= Beginning of Section =
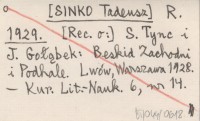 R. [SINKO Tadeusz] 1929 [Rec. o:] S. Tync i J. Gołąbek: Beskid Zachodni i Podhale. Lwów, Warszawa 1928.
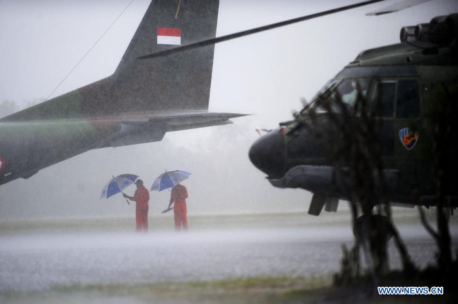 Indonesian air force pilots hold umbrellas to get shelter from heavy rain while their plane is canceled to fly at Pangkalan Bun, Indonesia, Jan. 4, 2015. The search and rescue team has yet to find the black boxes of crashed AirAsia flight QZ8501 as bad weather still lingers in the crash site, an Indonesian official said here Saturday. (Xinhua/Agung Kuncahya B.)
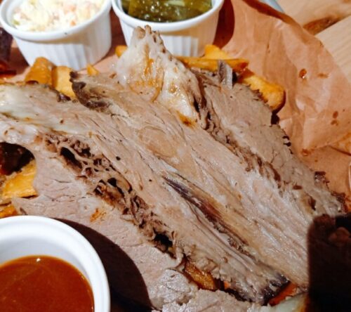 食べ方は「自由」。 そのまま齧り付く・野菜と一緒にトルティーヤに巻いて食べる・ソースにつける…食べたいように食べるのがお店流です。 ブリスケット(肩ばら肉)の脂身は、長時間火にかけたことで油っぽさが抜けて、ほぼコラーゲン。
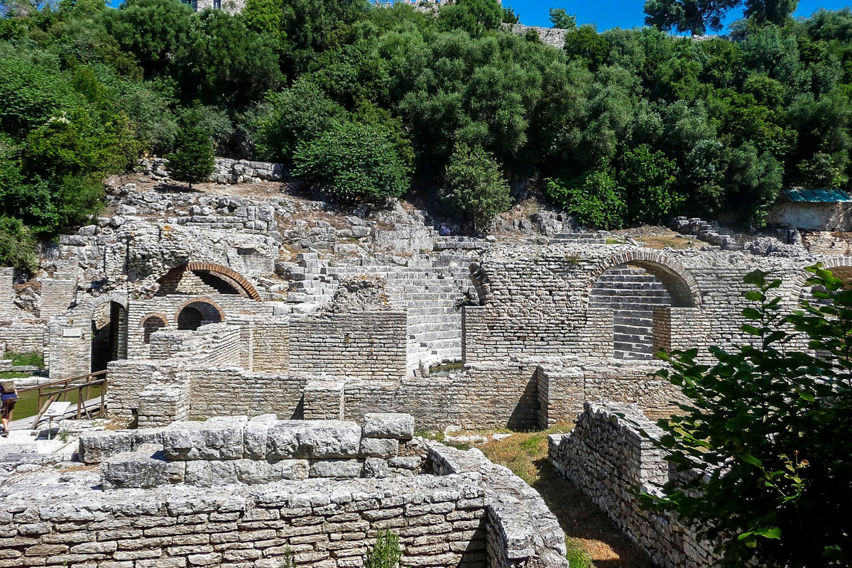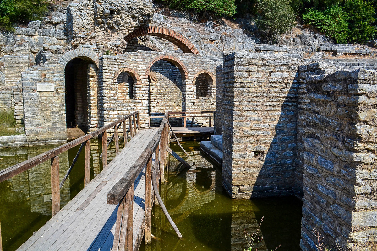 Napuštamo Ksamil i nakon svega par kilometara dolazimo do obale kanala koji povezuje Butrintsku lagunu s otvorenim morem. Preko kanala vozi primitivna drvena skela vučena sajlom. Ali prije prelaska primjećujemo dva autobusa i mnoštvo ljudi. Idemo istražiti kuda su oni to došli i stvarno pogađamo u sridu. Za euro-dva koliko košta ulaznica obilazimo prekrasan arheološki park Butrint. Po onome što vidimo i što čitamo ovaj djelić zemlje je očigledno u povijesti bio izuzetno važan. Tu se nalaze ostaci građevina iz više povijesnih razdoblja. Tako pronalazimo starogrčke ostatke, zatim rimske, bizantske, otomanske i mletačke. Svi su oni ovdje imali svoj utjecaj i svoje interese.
= End of Section =
- [Problem]: Your answer must be an exact copy of the listing, minus its pictures.

- [Task output]:
 R. [SINKO Tadeusz] 1929 [Rec. o:] S. Tync i J. Gołąbek: Beskid Zachodni i Podhale. Lwów, Warszawa 1928.
 Indonesian air force pilots hold umbrellas to get shelter from heavy rain while their plane is canceled to fly at Pangkalan Bun, Indonesia, Jan. 4, 2015. The search and rescue team has yet to find the black boxes of crashed AirAsia flight QZ8501 as bad weather still lingers in the crash site, an Indonesian official said here Saturday. (Xinhua/Agung Kuncahya B.)
 食べ方は「自由」。 そのまま齧り付く・野菜と一緒にトルティーヤに巻いて食べる・ソースにつける…食べたいように食べるのがお店流です。 ブリスケット(肩ばら肉)の脂身は、長時間火にかけたことで油っぽさが抜けて、ほぼコラーゲン。
 Napuštamo Ksamil i nakon svega par kilometara dolazimo do obale kanala koji povezuje Butrintsku lagunu s otvorenim morem. Preko kanala vozi primitivna drvena skela vučena sajlom. Ali prije prelaska primjećujemo dva autobusa i mnoštvo ljudi. Idemo istražiti kuda su oni to došli i stvarno pogađamo u sridu. Za euro-dva koliko košta ulaznica obilazimo prekrasan arheološki park Butrint. Po onome što vidimo i što čitamo ovaj djelić zemlje je očigledno u povijesti bio izuzetno važan. Tu se nalaze ostaci građevina iz više povijesnih razdoblja. Tako pronalazimo starogrčke ostatke, zatim rimske, bizantske, otomanske i mletačke. Svi su oni ovdje imali svoj utjecaj i svoje interese.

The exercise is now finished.